▶ **GIVEN DATA**:
--- --- ---

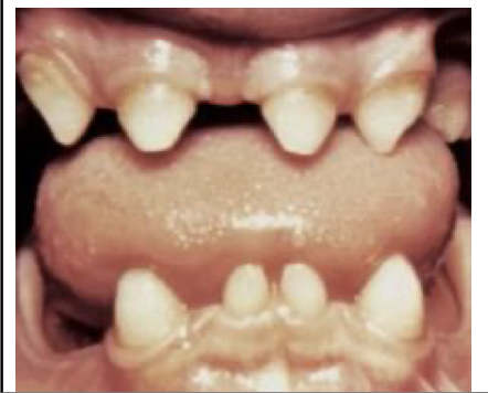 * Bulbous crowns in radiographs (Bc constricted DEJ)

--- --- ---

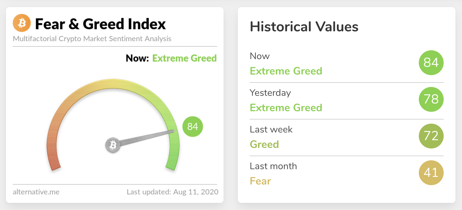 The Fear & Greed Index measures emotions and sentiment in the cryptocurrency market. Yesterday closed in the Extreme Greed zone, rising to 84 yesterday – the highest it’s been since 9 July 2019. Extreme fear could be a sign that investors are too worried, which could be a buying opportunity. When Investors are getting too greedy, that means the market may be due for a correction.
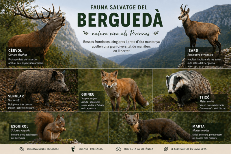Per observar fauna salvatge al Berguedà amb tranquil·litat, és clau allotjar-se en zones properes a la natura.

--- --- ---

▶ **WHAT TO WORK ON**:
Write out the lines above from the one with "The Fear & Greed" through the one with "Per observar fauna", ends included, exactly; no picture goes in.

▶ **SOLVED EXERCISE**:
 The Fear & Greed Index measures emotions and sentiment in the cryptocurrency market. Yesterday closed in the Extreme Greed zone, rising to 84 yesterday – the highest it’s been since 9 July 2019. Extreme fear could be a sign that investors are too worried, which could be a buying opportunity. When Investors are getting too greedy, that means the market may be due for a correction.
Per observar fauna salvatge al Berguedà amb tranquil·litat, és clau allotjar-se en zones properes a la natura.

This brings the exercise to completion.